Broadly, across the 20 spatial features, our observations about factors M9 and M17 hold for other spatial features. Specifically, we observe (a) consistency between each factor across the two replicate sections (b) there are multiple factors which continuously vary across the anterior and posterior brain (Supplementary Figure S1) (c) a few factors (M10, M19) are specific to either the anterior or posterior brain.

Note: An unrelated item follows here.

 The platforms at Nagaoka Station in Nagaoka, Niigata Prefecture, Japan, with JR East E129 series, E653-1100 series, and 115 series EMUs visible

Analysis of human DLPFC data

Next, to evaluate mNSF across a dataset with replicate samples from different donors, we apply mNSF to a widely used spatially resolved transcriptomics dataset from the Visium platform on human dorsolateral prefrontal cortex (DLPFC) Maynard et al. (2021). This data consists of 4 samples from each of 3 donors. The 4 samples from each donor consist of parallel sections (Figure 3). Each section has a width of 10μm and we label the sections as A-D, representing the physical ordering of the sections. The physical separation is as follows: the AB pair is separated by 0μm, the BC pair is separated by 300μm and the CD pair is separated by 0μm. Furthermore, the data are supplied with manual annotations of cortical layers based on expression and H&E staining, with labels of white matter (WM), cortical layers 1 to 6 and NA (which are excluded from our analysis). Not all layers are present in all samples; specifically, the 4 samples from individual 2 do not have layers 1 and 2 present.

Figure 3. Layer annotation of DLPFC data |.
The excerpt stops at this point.